Crítica: O Quarto ao Lado, Almodóvar e uma reflexão mórbida
Avaliação: Bom
Pedro Almodóvar, cineasta que há décadas explora os corpos, os prazeres e as relações humanas em sua filmografia, parece entrar em O Quarto ao Lado em um momento de reflexão mais sombria. Algo que já mostrava vestígios no ótimo Dor e Glória, mas que aqui ganha contornos mais profundos. Se antes o diretor espanhol celebrava a sensualidade e a vitalidade, aqui ele confronta a morte, a velhice e a fragilidade física com uma morbidez quase crua.
A trama acompanha Martha (Tilda Swinton) em um momento de crise existencial, onde seu passado e seu presente se entrelaçam de forma desigual. Isso porque a personagem busca se resolver consigo mesma enquanto luta contra um câncer terminal. Nesse processo, ela se reaproxima da amiga Ingrid (Julianne Moore), que a ajuda a cumprir suas últimas metas.
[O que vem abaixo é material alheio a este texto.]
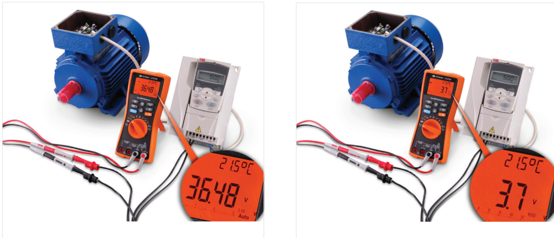
Figure 2. U1272A helps you identify the presence of stray voltage on a disconnected wire running parallel with the wire powering up the VFD to an industrial motor. The image on the right shows the U1272A in low impedance mode.

The peak detect function allows you to capture the engine or motor startup transient as fast as 250 \mu s.
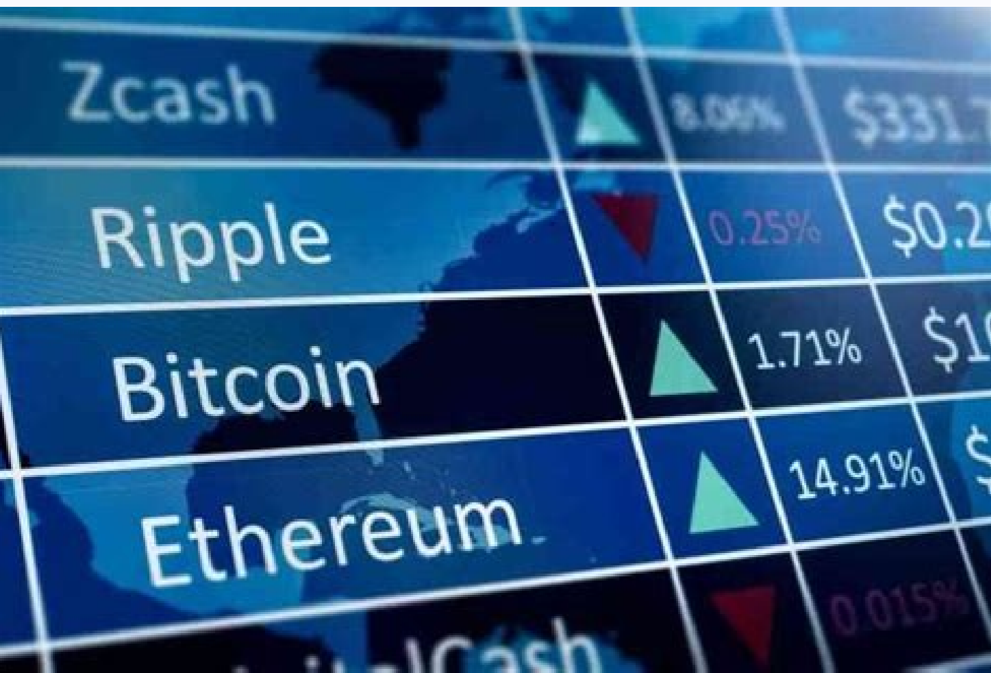
Top 10 crypto exchange platform. Examples of cryptocurrency exchanges. Malaysia cryptocurrency exchange platform. What is the best crypto exchange platform.
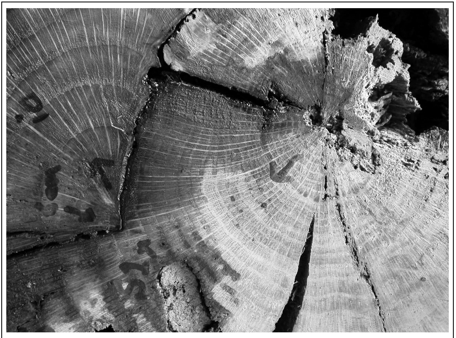
Figure 2. Example of fire scarring within a black oak cross-section (S7 in Figure 1), collected in 2009, High Park, Toronto. Subsequent ring growth exhibited sealing over the scar and an episode of increased ring width.

individuals in a burn. We therefore used the following corroborative fire event indicators: (1) the timing of establishment of multistemmed individuals (three of the 14 cross-sectioned individuals), which, among oaks, indicates basal resprouting in response to having been top-killed as a sapling, typically by fire or other disturbance (Keeley 1992; Del Tredici 2001), and (2) the presence of even-age cohorts in the pre-settlement period, which is suggestive of a fire-induced recruitment period (Abrams 1992; Peterson and Reich 2001). Our sample of cross-sections was also used to determine establishment dates ( n = 14 ). With respect to multistemmed individuals, resprouting following fire disturbance occurs simultaneously across all
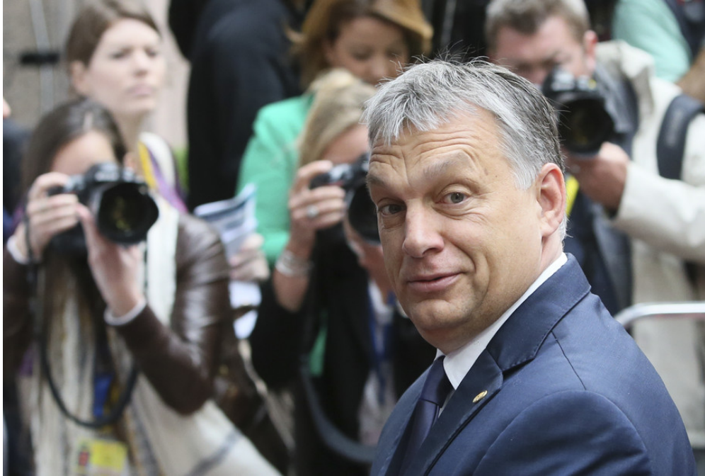
Orbán is on a high after the Brexit vote.
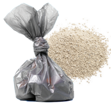
PET WASTE & KITTY LITTER

* PLASTIC BAG OR FILM RECYCLING: PLEASE VISIT PLASTICFILMRECYCLING.ORG FOR PLASTIC BAG AND FILM RECYCLING SOLUTIONS AND POSSIBLE DROP-OFF LOCATIONS NEAR YOU.
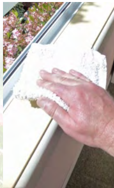
Step three Wipe off any sanding dust with a clean cloth.

O filme é repleto de ideias potentes e momentos de beleza visual, mas sofre de uma estrutura narrativa dispersa, como se Almodóvar hesitasse em escolher o fio condutor de sua história. A mesma hesitação de sua protagonista diante de um destino fatal. O primeiro ato constrói um contexto familiar sólido, enquanto o segundo introduz elementos quase jornalísticos e o terceiro mergulha de vez na relação entre as duas amizades centrais. Essa transição abrupta entre temas faz com que o filme pareça uma colagem de momentos reflexivos, mas desconectados.
O personagem de Damian (John Torturro), por exemplo, traz um discurso sobre crise climática que, embora ressoe com a temática de término, parece um acréscimo isolado, não integrado ao todo. Quase como se mastigasse a proposta. Repare, não se trata de uma obra de narrativa capenga ou datada, mas a sensação é de que montagem não consegue conectar suas sequências para que conversem realmente entre si. O trabalho acaba por ser disperso, ainda que agrade. No meio dessa colagem, há uma abordagem complexa sobre como a paz de espírito interfere na paz corporal e vice versa. Como se a vida fosse uma eterna luta entre os dois lados. Em determinado momento, a protagonista conta uma história de um colega jornalista que só encontrava sossego cobrindo guerras ao fazer sexo entre tarefas, o corpo aliviando a mente. Além disso, mesmo adepta das artes e da promiscuidade, Martha não consegue mais se reconectar com seus prazeres depois de tantos tratamentos químicos, como se o antes libertador corpo humano tenha se tornado sua prisão.
Essa proposta mais mórbida também pode ser reparada visualmente. O Quarto ao Lado mais contido que os trabalhos anteriores de Almodóvar. A paleta de cores, embora ainda marcada por tons primários, está menos vibrante, como se refletisse a desolação das personagens. Ou como uma forma do espanhol tomasse para si características de outras produções nova-iorquinas e colocasse seu toque ali. O diretor ainda mantém seu talento para capturar a química entre atores: os planos conjuntos das duas protagonistas reforçam sua cumplicidade. Juliane Moore e Tilda Swinton entregam uma bela troca entre a vivacidade e a melancolia, sustentadas pela direção que sabe extrair magnetismo de seus intérpretes.
No fim, O Quarto ao Lado é uma obra agradável, mas incompleta. As reflexões sobre mortalidade e corporeidade são tocantes, e há cenas que ecoam na memória. No entanto, a sensação é de um Almodóvar dividido entre múltiplas inquietações, algumas interessantes, outras mal amarradas. O filme se torna um trabalho menor na filmografia do diretor, mas ainda assim essencial para quem deseja acompanhar sua jornada artística rumo às sombras.